Ribale Sleiman-Haidar

June 18th, 2018

Saudi Domestic Uncertainties and the Rivalry with Iran

0 comments | 3 shares

Estimated reading time: 5 minutes

by Madawi Al-Rasheed

This memo was presented part of a workshop organised by the LSE Middle East Centre looking at the Saudi–Iran rivalry in the region on 7 May 2018. 

Saudi Crown Prince Mohammed bin Salman, who in 2017 ordered the arrest of around 500 businessmen, politicians and members of the royal family.

Most analysis of the Saudi–Iranian rivalry seems to miss the fundamental points that underline the tension. Both countries are not trying to defend themselves from each other. Iran is trying to save itself from either foreign intervention or domestic unrest. While Saudi Arabia does not fear foreign intervention, it is concerned with domestic dissent.

Arguably, Crown Prince Mohammed bin Salman is determined to perpetuate four decades of rivalry and conflict with Iran.
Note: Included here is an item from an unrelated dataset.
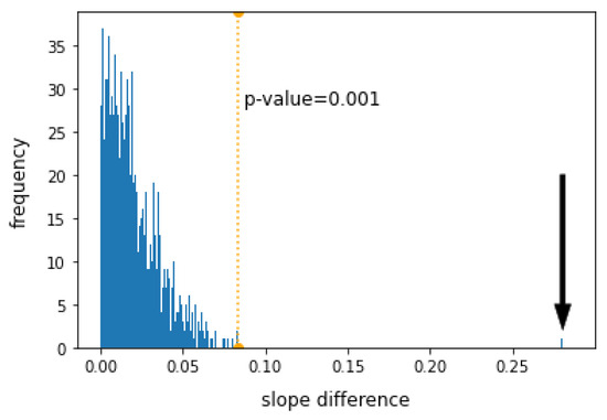In our testing framework, we set up a null hypothesis positing that both classes of words have the same slope, implying they statistically belong to the same population. The chosen statistic to quantify this comparison is the absolute value of the difference in slopes between content and function words. In our specific case, this difference, as indicated in Table 3, is . To assess whether this value is statistically distinguishable from zero, we conducted a permutation test. This involved randomly shuffling the labels of content and function words and computing the absolute difference in slopes for each group. This process aligns with the null hypothesis, assuming similar behavior in log–log plots of semanticity and frequency rank for both word classes. We repeated this procedure 1000 times, generating the histogram shown in Figure 6. All differences obtained under the null hypothesis fell below the dotted orange line, corresponding to a p-value of after 1000 tests, while the difference observed with true labels () is marked with a black arrow. Since the observed differences with true labels exceed this threshold, we statistically reject the null hypothesis, concluding that the differences in slopes are highly significant.

Although throughout the twentieth century the relationship between the two countries oscillated between indifference, hostility, rapprochement and tension, since he became the new face of Saudi Arabia in 2015, he has raised Riyadh’s concerns over Iranian expansion in the Arab world and beyond. He seeks to continue his country’s enmity with Iran and privilege the perpetuation of the conflict rather than seek rapprochement. The prince has used the rivalry with Tehran to deflect from the complexity of his own domestic uncertainties.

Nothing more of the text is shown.